Newton was a five-year-old boy genius, and Leeb was his robot dog, and together they made the greatest comic strip ever. The treasury edition collected the best strips, all in color. My dad had owned the book, and it became mine before I knew how to read. Now I didn’t have to read them, because I’d memorized them. I ate my sandwich and flipped through the pages, taking in bits and pieces. Newton creating a black hole by putting a star fruit in the trash compactor. Newton and Leeb playing hide-and-seek, showing up in other comic strips like Nancy and Pogo. Leeb arguing with a real dog about why bones were disgusting (Leeb preferred circuit boards).

After lunch I decided to make myself useful. I put away the food and kitchen stuff, then started in on the other boxes. It was boring, but at least it wasn’t making nets.

By seven o’clock Mom still hadn’t come home. That wasn’t unusual, especially not on the first day of field work. Back in San Diego, some days she was home by supper, but other days, especially when an article was due or she had to be out on the water, she worked until midnight for nights in a row. It wasn’t a big deal. I knew how to work a microwave. Mom always called before I went to bed, and I always told her the same thing: I’m fine. Go do science.

I picked up the house phone to make sure it had a dial tone (check). Then I made some canned soup and ate a cereal bar. It started getting dark around 6:30 P.M., which seemed way too early. I turned on the front porch light, then went out back where I’d eaten lunch, figuring it would be good to turn on that light too. I opened the back screen door and stopped.

Something was watching me from the trees.

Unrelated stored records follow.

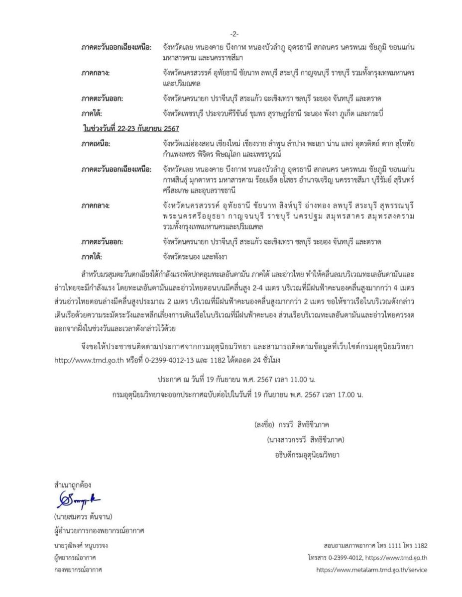 เมื่อเวลา 10.00 น. มีศูนย์กลางอยู่ห่างจากทางด้านตะวันออกเฉียงเหนือของเมืองกวางตรี ประเทศเวียดนามประมาณ 90 กิโลเมตร หรือที่ละติจูด 17.4 องศาเหนือ ลองจิจูด 107.9 องศาตะวันออก มีความเร็วลมสูงสุดใกล้ศูนย์กลางประมาณ 65 กิโลเมตรต่อชั่วโมง พายุนี้กำลังเคลื่อนตัวทางทิศตะวันตก ด้วยความเร็วประมาณ 30 กิโลเมตรต่อชั่วโมง คาดว่าจะเคลื่อนขึ้นฝั่งบริเวณประเทศเวียดนามตอนกลางในคืนนี้ (19 ก.ย. 67) หลังจากนั้นจะอ่อนกำลังลงตามลำดับ ลักษณะเช่นนี้ทำให้มีฝนตกหนักถึงหนักมากกับมีลมแรงในภาคเหนือ ภาคตะวันออกเฉียงเหนือ ภาคกลาง รวมทั้งกรุงเทพมหานครและปริมณฑล ภาคตะวันออก และภาคใต้ ขอให้ประชาชนในบริเวณดังกล่าวระวังอันตรายจากฝนตกหนักถึงหนักมากและฝนที่ตกสะสม ซึ่งอาจทำให้เกิดน้ำท่วมฉับพลัน และน้ำป่าไหลหลาก โดยเฉพาะพื้นที่ลาดเชิงเขา ใกล้ทางน้ำไหลผ่าน และพื้นที่ลุ่มไว้ด้วย
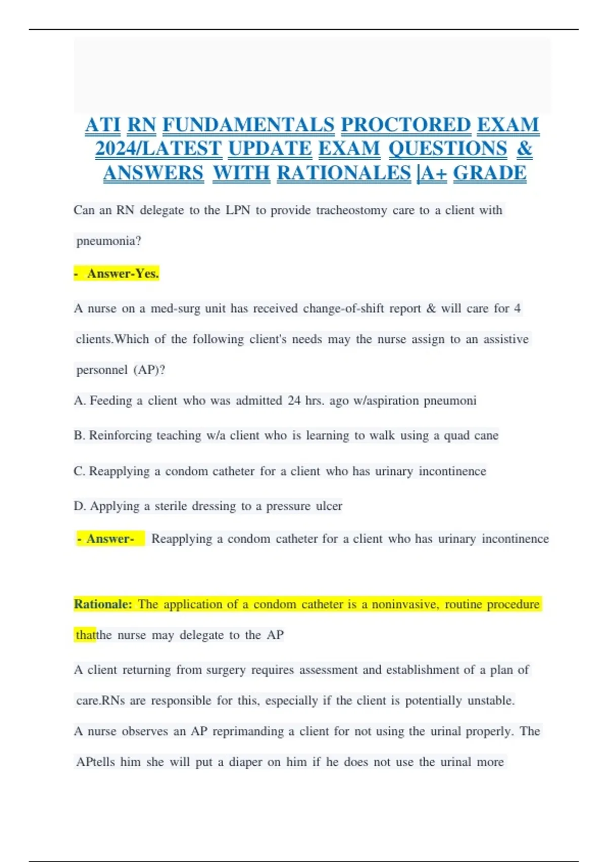 2024/LATEST UPDATE EXAM QUESTIONS &
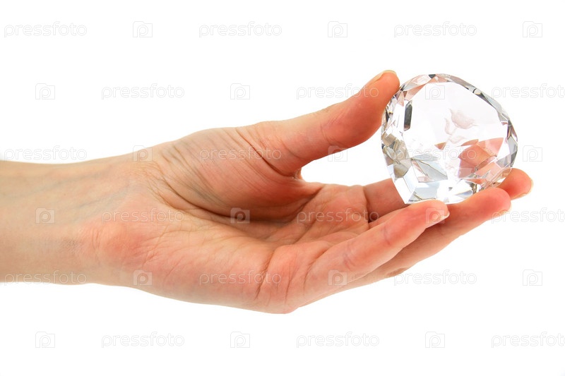 Женская рука держит кристалл с декларацией любви изолированный
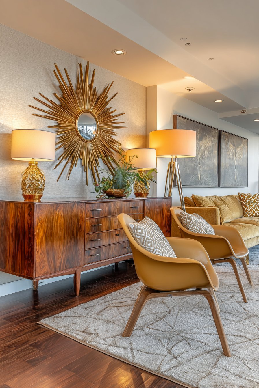 A sunburst mirror adorns the wall as both functional reflective surface and iconic decorative element, its radiating design capturing the optimism and forward-looking spirit of the atomic age. Period-appropriate lighting fixtures include a tripod floor lamp that provides both illumination and sculptural presence, its three-legged base and simple shade embodying mid-century design principles of form and function in harmony.
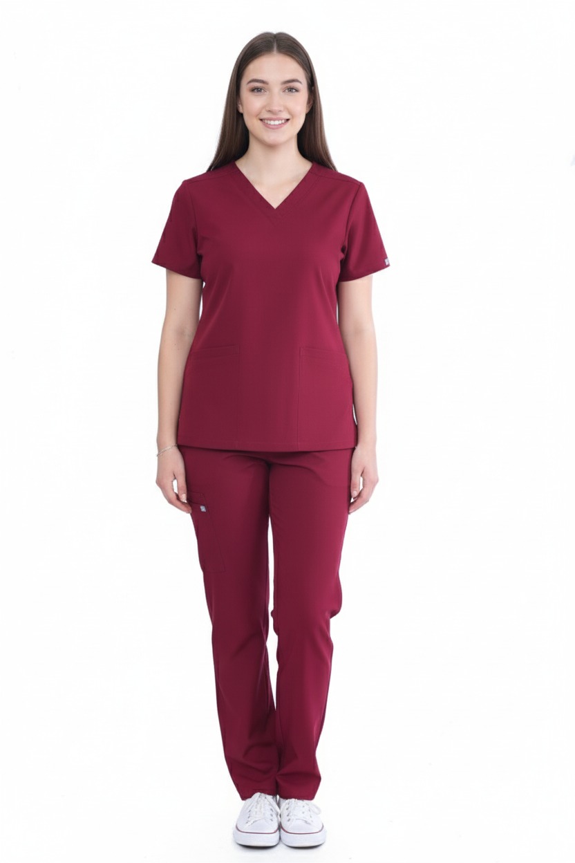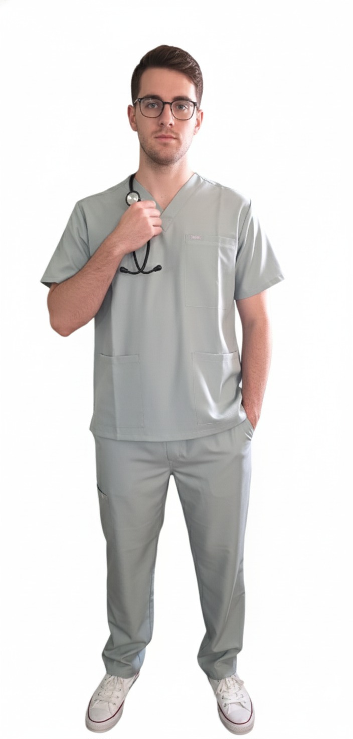 Material Specifications: 90% polyester, 10% spandex. 104 gsm lighter, antimicrobial, and fluid-resistant, wrinkle-free, 3 pockets on top and 6 pockets on pants, inward waist rope, and real Canadian.
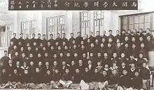 The university was founded as a private institution in 1919.[8] Nankai's scale was relatively small at its inception partly because it received no funding from the government but instead was funded by foreign charitable funds and local entrepreneurs, with only 3 departments (liberal arts, science, and business) and 96 students.[9] It was noted particularly for its courses which were taught in English using foreign curricula and textbooks.[10]
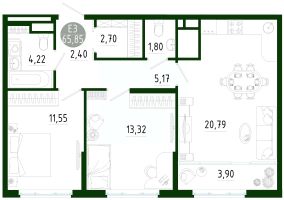 Продаётся 2-комнатная квартира в строящемся доме (Позиция 2), срок сдачи: III-кв. 2029, общей площадью 65.85 кв.м., на 13 этаже. Новый жилой комплекс в г. Тула "Платон Парк" от застройщика ООО "СЗ "МОНОЛИТ""
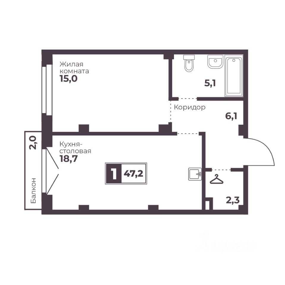 Общая площадь47,2 м2

I couldn’t make out the shape. But I knew something was there in the bushes between two pines, an extra shadow that didn’t belong. I stepped backward, and then noticed something else.

The wicker coffee table was empty. The Newton & Leeb anniversary edition was gone.

From the direction of the bushes came the smallest sound, leaves rasping on leaves. I jerked my head toward the noise. A dark shape darted away through the trees. It looked like an old man, skinny and dark-skinned and bald-headed, but moved quick as a kid, bolting like a frightened rabbit.

This punk stole my book! Suddenly I wasn’t scared; I was angry. And when I was angry I did stupid things.

I shouted at it, then leaped off the porch and hit the ground running. The shape dodged to the right. Pine branches blocked my way, so I plunged into them, arms up to shield my face. Then I was through to the other side and the dark shape was in front of me, running fast. He was naked from the waist up, dressed only in shorts. He clutched my book to his chest.

I leaped on his back, but my arms slipped from his shoulders; he was sweating so much he felt slimy. My momentum, though, was enough to push us both to the ground. I fell on top of him, but then he twisted and threw me off like I weighed nothing. I tumbled back into the bushes and came down on a rock. Pain blazed up my spine.

By the time I got to my feet he was gone. I could hear nothing, see nothing but the dark. But I was having second thoughts about chasing him.

When he threw me off, I’d caught a glimpse of his face. The skin was mottled, green and brown. Wide, glassy eyes, two slits for a nose … and a mouth full of sharp teeth.

* * *

Back in the rental, I walked into each room and turned on every light. There were not, I decided, near enough lights.

I don’t get spooked easily. I spend a lot of time on my own. I don’t jump at noises; I don’t worry about boogeymen. There’s only one thing that seriously freaks me out, but it doesn’t affect my day-to-day life.

But … those teeth. That skin.

I fell asleep on the couch with the lights on. And sometime later, I half awoke to find my mother shaking me.

“You worried about me, H2?”

I let her walk me back to the bedroom we’d decided was mine. Mom’s here, I thought. And with that I fell back asleep in an instant.